麺はデフォルトが小麦麺(カウスエ)ですが、選べる仕様でした。おまけに、固まったトーフもいただきました。ツヤもよく、人気店というのがうかがえます。
とろみはあるものの、ミャンマーで食べるトーフより豆の味が薄く、おそらく別の粉もブレンドして作られたグレービーのような気がしました。


豆の味もして、出来立ての味が楽しめる、とても美味しいトーフヌェでした。雲南省では「シードーフ」と呼ばれているそうです。
トーフヌェは、雲南省から渡ってミャンマーのシャン州で根付いたと言われています。こちらのお店では、チャーニョーと呼ばれる甘醤油も控えめで、とても美味しかったです。

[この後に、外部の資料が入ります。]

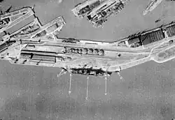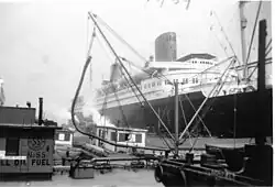 SS Bremen left New York without passengers on 30 August 1939 and at first opportunity accelerated to over 28 knots.[10] On 1 September, coincident with the start of the Second World War, she was ordered to make for the Russian port of Murmansk. Underway, her crew painted the ship grey for camouflage and covered the portholes and windows. She made use of bad weather and high speed to avoid Royal Navy cruisers, arriving in Murmansk on 6 September 1939. With the outbreak of the Winter War between Finland and the Soviet Union, on 10 December 1939 Bremen made a dash to Bremerhaven, arriving on 13 December. On the way she was sighted and challenged by the S-class submarine HMS Salmon. A Dornier Do 18 seaplane escorting Bremen forced Salmon to dive for safety. Salmon's commander, Lieutenant Commander E. O. Bickford, decided not to torpedo the liner because he believed she was not a legal target.[11] His decision not to fire on Bremen likely delayed the start of unrestricted submarine warfare.[3]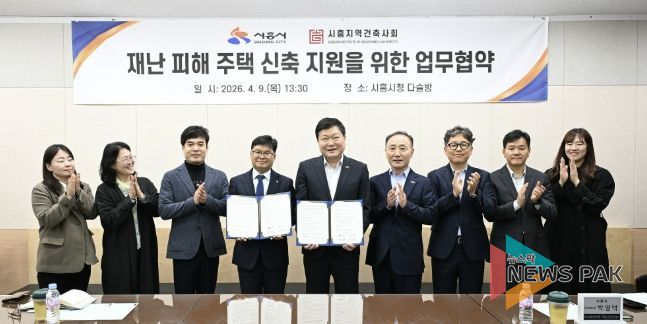 뉴스팍 배상미 기자 | 시흥시는 각종 사회재난 및 자연재난으로 피해를 본 주민의 신속한 주거 안정을 지원하기 위해 시흥지역 건축사회와 ‘재난 피해주택 신축 지원을 위한 업무협약’을 지난 4월 9일 다슬방에서 체결했다.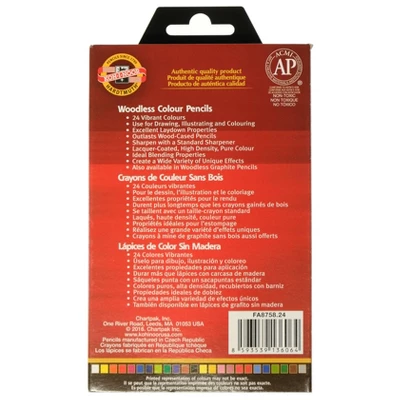 Progresso Woodless Colour Pencils by Koh-I-Noor put the color in the pencil and leave the wood on the tree. High-density, lacquer-coated Hardtmuth color pencils possess a smooth feel and excellent laydown properties loved by professional artists. These woodless pencils sharpen with a standard sharpener and utilize the entire lead. Progresso pencils outlast standard wood-cased pencils and maintain excellent light permanency ensuring a vibrant look that lasts. Progresso Woodless Colour Pencil Set of 24 creates work that is also water-resistant and non-toxic.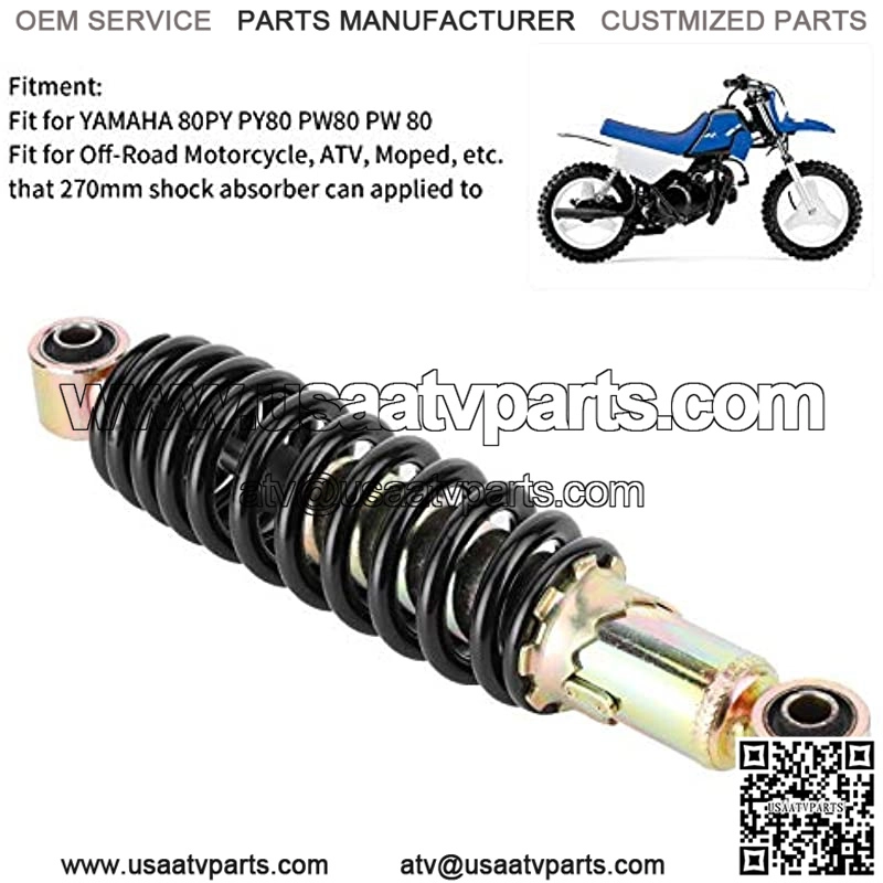 ??Applicable car model??This motorcycle shock absorber is specially fits for Yamaha 80PY PY80 PW80 PW 80, also suitable for Off Road Motorcycle, ATV, Moped, etc. that 270mm shock absorber can applied to.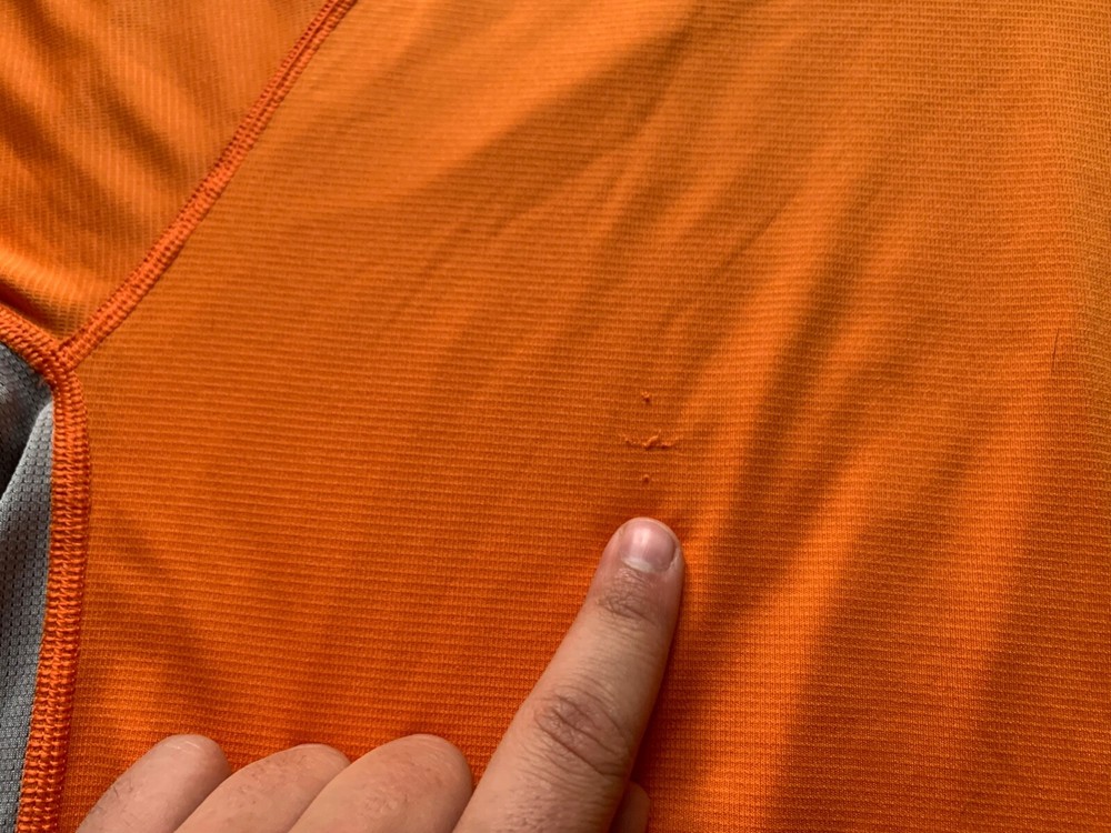 This is a men's North Face shirt in size Large, featuring a crew neckline and short raglan sleeves. It is made of lightweight and breathable microfiber polyester fabric, ideal for gym, walking, running, and other active pursuits. The orange shirt has a logo accent and is designed for outdoor and sports activities like cross training and jogging. Easy to care for with machine washable fabric. Notice small imperfections in pictures.
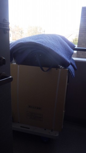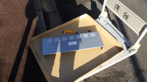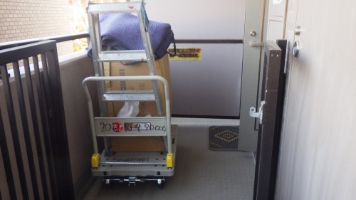 新しい換気扇・道具・養生用の絨毯を台車に乗せてお客様宅にお伺いします。
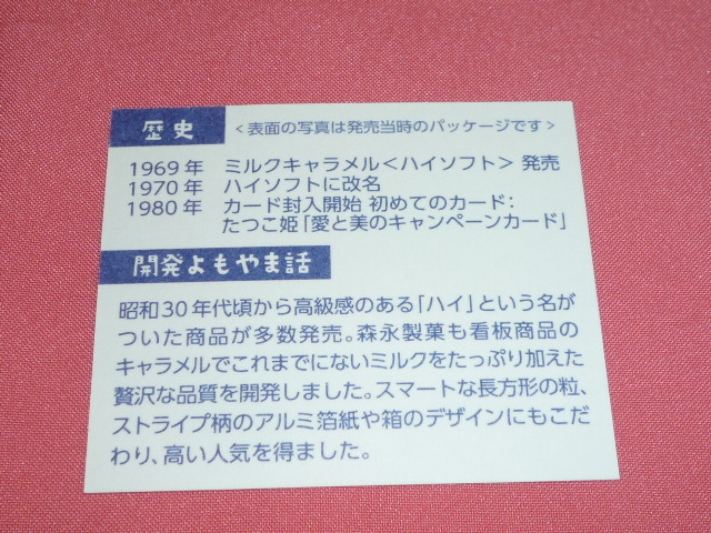 ☆商品説明☆ ご覧いただきありがとうございます^^ 森永 キャラメル Hi-SOFT ハイソフト 森永おかしレトロカードです。と~ってもカッコイイですよ♪大きさはタテ 約5cm、ヨコ 約6cmです。コレクション用として大切に保管していましたので、未使用でたいへんきれいな状態ですが家庭での保管ですのでご理解いただける方のみご入札をお願い致します。 ☆発送方法☆ 定形郵便、定形外郵便、ゆうぱっく ☆コメント☆ ノークレーム、ノーリターンでお願いします。ご不明な点がございましたらお気軽にお問合わせ下さい。他にもいろいろたくさん出品しております☆ 良かったらご覧下さいね*^^*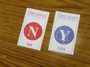 クロスロードゲームは、災害現場にいる地域住民一人ひとりの判断が地域防災の実質を構成するという考え方に立脚し、二律背反する選択肢をどのように意思決定していくのか、カードゲーム形式で学ぶものです。この日は5人ごと4つのグループに分かれ合計20名が参加しましたが、非常災害時には様々な情報や意見が錯綜するなか、短時間で意思決定していかなければならない難しさを実感する訓練となりました。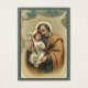 Vintage bild om St. Joseph som håller Baby Jesus med en lilja. En vacker bön från Memorare till St. Joseph på baksidan.
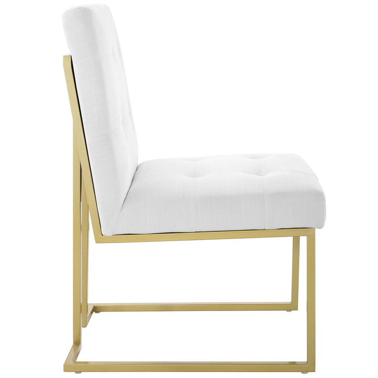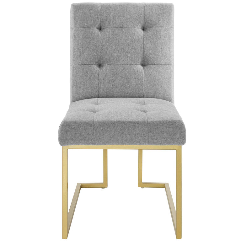 Gold Finish Glam Deco Dining Chair Biscuit-Tufted Details Soft Polyester Fabric Upholstery Gold Stainless Steel Base Dense Foam Padding Comes Fully Assembled Chair Weight Capacity: 331 lbs.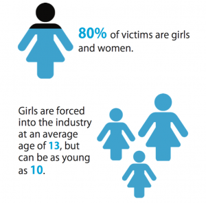 The victims are disproportionately women and young girls: in Georgia, girls are forced into the industry at an average age of 13, but can be as young as 10. The girls are often physically abused by their traffickers or threatened against fleeing, but many have no sense of life outside the sex trade anyway. Some girls are raped thousands of times before they escape, if they escape at all.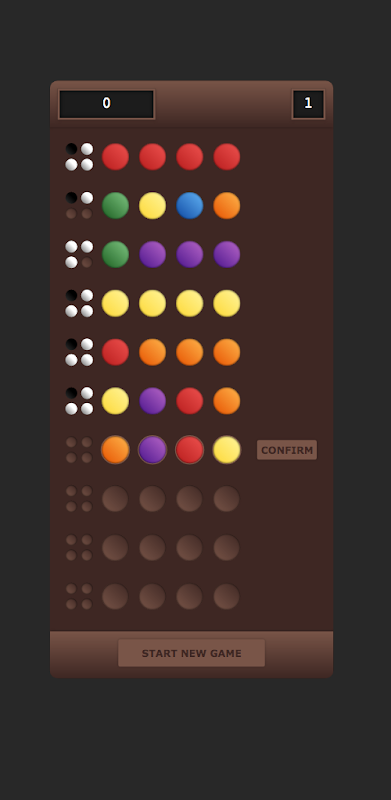 Guess the combination of the hidden colors. Make some attempts and try ..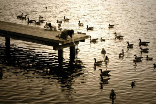 Feeding the Geese I Black Ornate Wood Framed Art Print with Double Matting by Hausenflock, Alan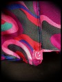 Ce foulard en tube a été confectionné à partir de tissu imprimé et de satin rose vif doux et brillant pour la doublure. Détail en ruban coloré avec boutons décoratifs assortis.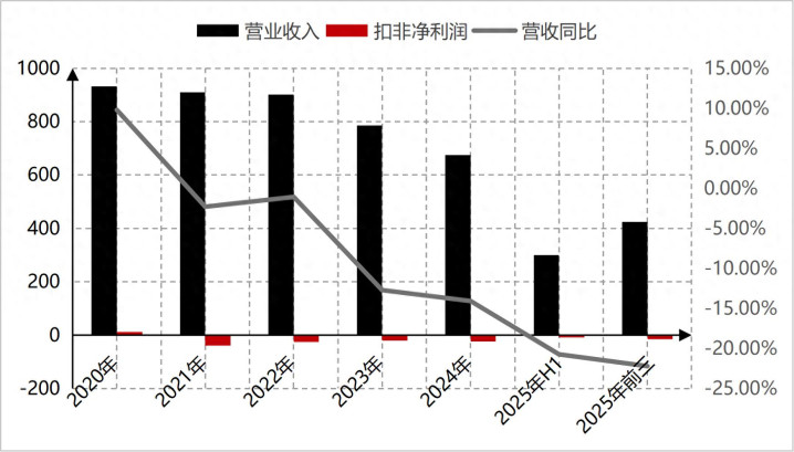 永辉超市业绩持续亏损将近五年时间,2025年三季度营业收入同比下滑26%,扣非净利润亏损15亿元,亏损幅度还在加大。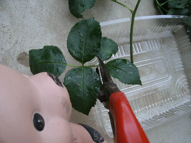 枝・・・5枚葉を2,3枚つけた枝に切る。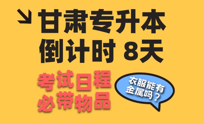 哈喽,各位小伙伴,今天是2026年4月9日,距离甘肃专升本考试还有8天,今天给大家分享讲一下:参加甘肃专升本考试的日程,还有你需要带什么,哪些不能带,衣服能带金属吗。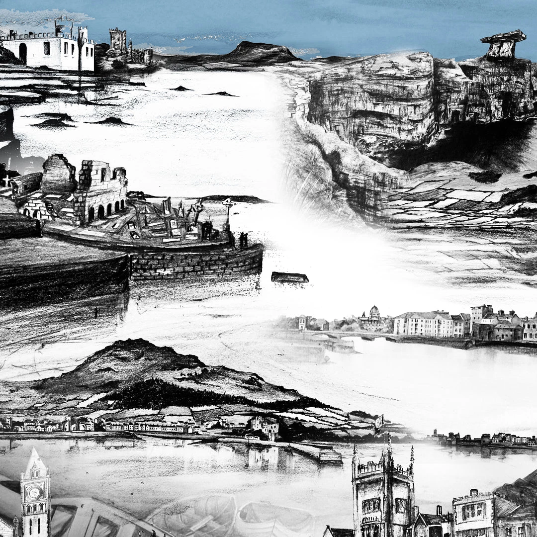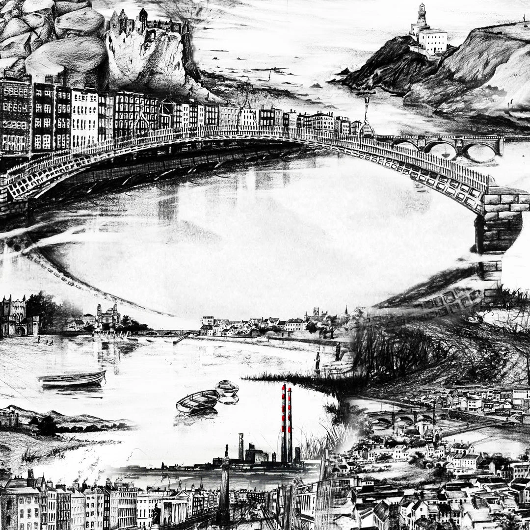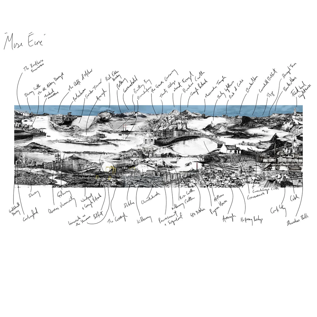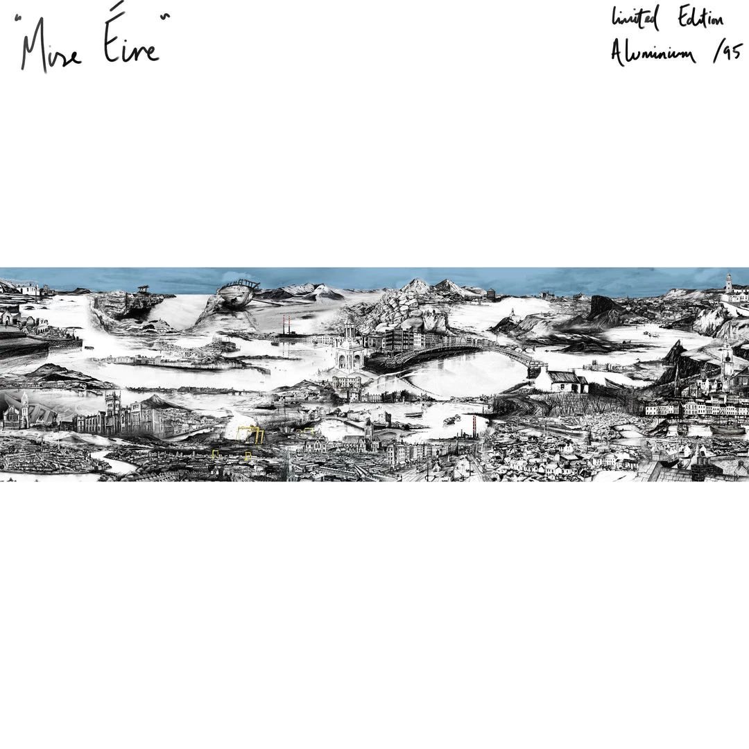 ‘Mise Eire’ is a moody and atmospheric piece that captures the essence of Ireland, Eire. These multi layered pieces weave a narrative through coastlines and ports, & iconic structures and figures. Limited Editions of /95 and are available on brushed Aluminium or Paper, these large pieces will light up and invigorate any space.

ミャンマーのトーフヌェとの違いは、上に乗せるトッピングの量が少なかったり、調味油をそこまでかけなかったりするところだと思います。
まとめ:シャン州発祥の麺料理はやっぱり美味しい
以上、私も大好きなシャン州発祥の麺料理をご紹介しました。
シャンカウスエもトーフヌェも、シャン州を起点にしながら、ヤンゴン、東京、タイ、雲南系の食文化の中で、少しずつ違った形で根付いているのがとても面白いところです。
そして、やっぱりミャンマーのシャンカウスエとトーフヌェは美味しいのです。